Remote Cardiovascular Rehabilitation at COVID-19 Times: Experience in a University Hospital

*Dávolos Ignacio
Division Of Cardiology, Hospital De Clínicas "José De San Martín", Ergometry And Cardiovascular Rehabilitation Service, Argentina

*Corresponding Author:
Dávolos Ignacio
Division Of Cardiology, Hospital De Clínicas "José De San Martín", Ergometry And Cardiovascular Rehabilitation Service, Argentina
Email:ignacio.davolos@gmail.com

Published on: 2022-07-06

Abstract

Multiple studies have shown that cardiovascular rehabilitation (CVR) programs are safe and effective in improving functional capacity and quality of life, as well as reducing readmission and all-cause mortality. Unfortunately, CVR programs are significantly underutilized, with 20-30% of eligible patients participating, with even fewer women, older adults, and individuals from underserved populations. Our study was designed to determine the feasibility of remote CVR in our patient population and to point to improvements in functional and quality-of-life endpoints after a 12-week hybrid period of multicomponent team intervention. COVID-19 is added to the already known barriers of CVR. As seen in our recent experience, remote rehabilitation is undoubtedly an alternative that we should explore. We consider highly relevant the configuration of a multi-component team, and the incorporation of psychosocial support (mental health) into the rehabilitation team to optimize the social role of the participants.

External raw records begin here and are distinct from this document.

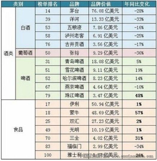 本次排行榜单中,共有11个酒类品牌、7个食品品牌入围百强名单。而酒类品牌中,分别为5个白酒品牌、1个红酒品牌和5个啤酒品牌。茅台、洋河、五粮液分别以76.08亿美元、13.33亿美元、7.86亿美元的品牌价值,位列白酒类文章来源中国酒业新闻网行业前三。泸州老窖和古井贡酒分别以6.91亿美元、3.56亿美元居白酒类行业第四、第五。张裕以9.29亿美元的品牌价值成为葡萄酒行业唯一入围的品牌,位居榜单第50名。而贵州茅台在2012年就首次以118.38亿美元的品牌价值入选此榜单,位列全球最具品牌价值企业排行榜第69位。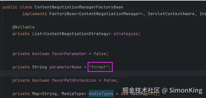 作用:配置内容协商策略,根据客户端请求的不同方式(如 URL 后缀、请求头等)决定返回数据的媒体类型。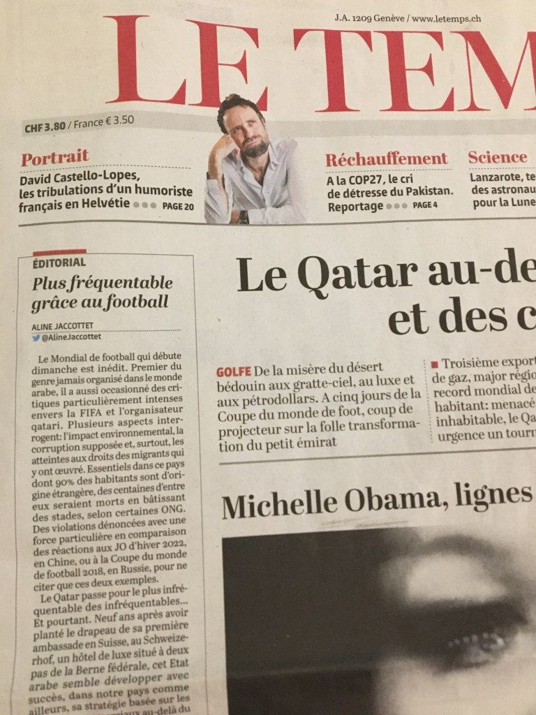 Le Temps se met à l’heure du Quatar, comme tout le monde. Ou presque. Moi j’attends encore quelques jours l’entrée en lice de notre Nati pour me lancer. Pas bien, ça ! Ce vilain Quatar, il faut le boycotter, le vilipender, lui vomir dessus, à la suite des cohortes bien-pensantes. Et là, je reviens au Temps du jour (15 novembre 2022). J’ai apprécié l’édito de une d’Aline Jaccottet. Avant le Quatar, il y avait eu, écrit-elle, les JO de Pékin, le mondial 2018 en Russie… oulalalala, les mauvais souvenirs ! Personne (ou si peu) avaient hurlé aux mauvais traitements des travailleurs et travailleuses, des soupçons de corruption, des libertés aléatoires de ces grands pays laborieux. J’ai aimé cet édito. Il m’a réconforté. Je l’ai adoré. Et je pourrai allumer mon poste de télévision (je suis un vieux) et regarder tous mes matches préférés sans mauvaise conscience. Ouf !

Remote CVR is a viable alternative, as it has not only improved the quality of life for patients during the pandemic but also overcomes barriers such as travel and social problems, which often impede patient care. Without a doubt, there is no better time than now to explore and implement methodologies that improve or complement existing CVR programs.

Keywords

Remote Cardiovascular Rehabilitation; Cardiovascular Rehabilitation; COVID-19

Introduction

Multiple studies have shown that cardiovascular rehabilitation (RCV) programs are safe and effective in improving functional capacity and quality of life and reducing re-Internation and mortality by all causes. The first step of secondary prevention is multidisciplinary RCV, which aims to reverse the physiological and psychological effects of cardiovascular disease, obtain clinical stabilization (which leads to significant reductions in hospitalizations, cardiovascular events and premature death), Optimize cardiovascular risk and improve the psychosocial and vocational state of participants [1-3]. In this sense, guides recommend that RCV contemplate patient education, and emphasize healthy behaviors and training with exercises (IA recommendation) [4,5].
Unfortunately, RCV programs are considerably underutilized, and between 20-30% of eligible patients participate, being even lower in women, older adults and individuals of unattended populations. (6-8) barriers or factors that hinder the RCV include the lack of derivation and resources, logistics and psychological problems. The development of new technologies provides the opportunity to include telemedicine in the organization of outpatient care [5,9, and 10].
From the preventive and mandatory social isolation by COVID-19, the question of how to continue cardiovascular rehabilitation programs was raised [11]. Although most centers lack experience in operating at a distance, this alternative also known as TV -Rehabilitation has taken relevance in the last year in our country. Distance rehabilitation could be adopted for selected patient groups, in which it demonstrated adherence and safety, and would also solve the aforementioned barriers allowing more patients to benefit. On the other hand, the availability (quotas) of the rehabilitation center would increase to incorporate a greater number of patients.
Our study was designed to determine the feasibility of remote RCV in our patient population, and point out the improvements in functional and quality of life after a hybrid period of 12 weeks of intervention of a multi-component team.